We are having trouble looking up at the cellular source of our interleukin by regular intracellular staining by flow cytometry.
We'd like to try to detect the mRNA in our cell of interest from mice.
We need to gate our cells by flow cytometry by using a transcription factor as a positive marker.
After cell sorting, will the fixation and permeabilization steps interfere with a RT-PCR protocol (RNA extraction/purification, cDNA synthesis,...).

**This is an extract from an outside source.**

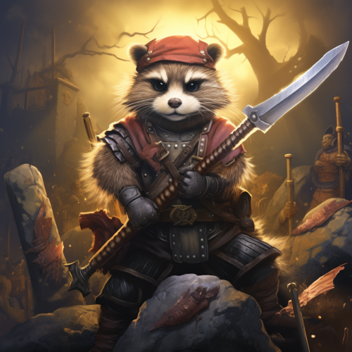 cover art for an original 80s nintendo game starring a warrior polecat set in medieval times. holding an axe

Thanks in advance for your advices.
alexis
Hi Alexis
The whole FACS protocol can compromise your mRNA and the initial steps for qPCR. I recommend you use a RNA extraction kit suitable for FFPE. Some kits can be used for fixed cells eventhough they are not paraffin embedded. But again, this will only help if your FACS protocol didn't damage your mRNA. Take a look at the article bellow
http://www.ncbi.nlm.nih.gov/pubmed/23434645
Hi Alexis,
I am not sure, if you still need suggestion regarding your question, but, I am working on somehing similar and we have recently came acroos the attached article and we are following it for our project. If it suits your experimental design, then you can give it a try.
Hi Alexis,
you can try this protocol "Fixed single-cell transcriptomic characterization of human radial glial diversity"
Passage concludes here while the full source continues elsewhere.